Give back the lines below exactly, but do not include any pictures.

** Collected material follows **

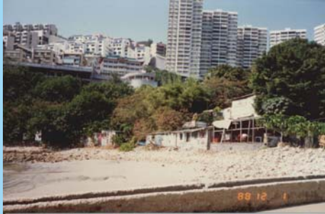
泳滩曾有一条碍眼的排水渠把污水引到泳滩范围。
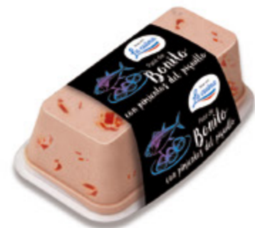
Paté de Bonito con pimientos del piquillo Unidades caja: 6 Peso neto: 190 g.
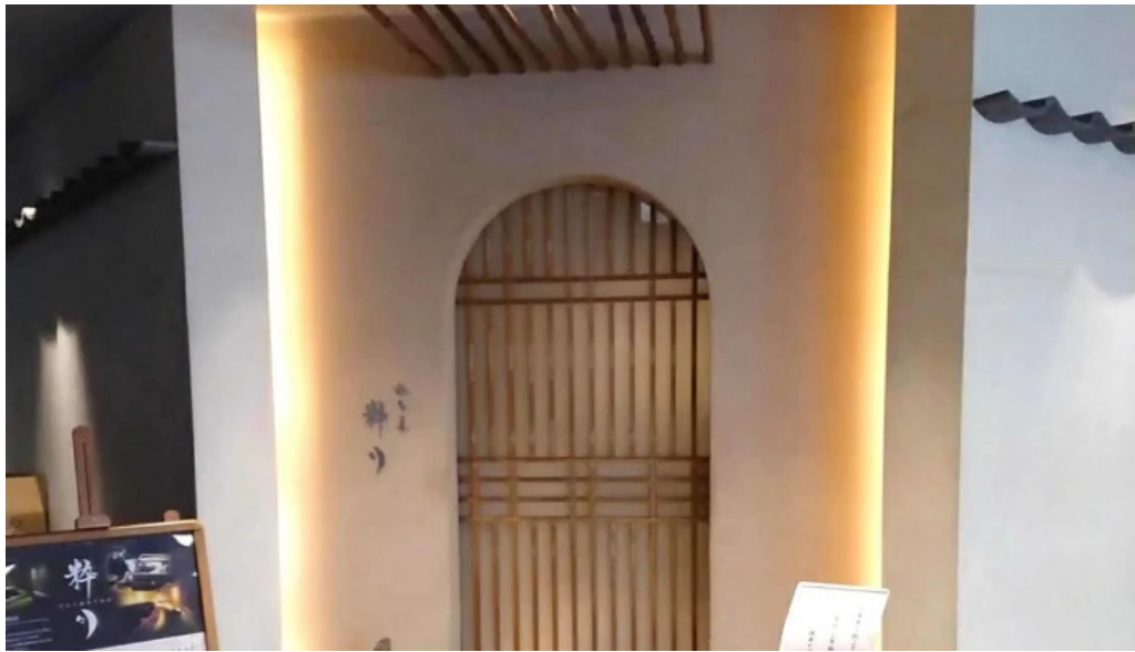
粋月 プロモーション

** End of Collected material **

Exercise solution:
泳滩曾有一条碍眼的排水渠把污水引到泳滩范围。
Paté de Bonito con pimientos del piquillo Unidades caja: 6 Peso neto: 190 g.
粋月 プロモーション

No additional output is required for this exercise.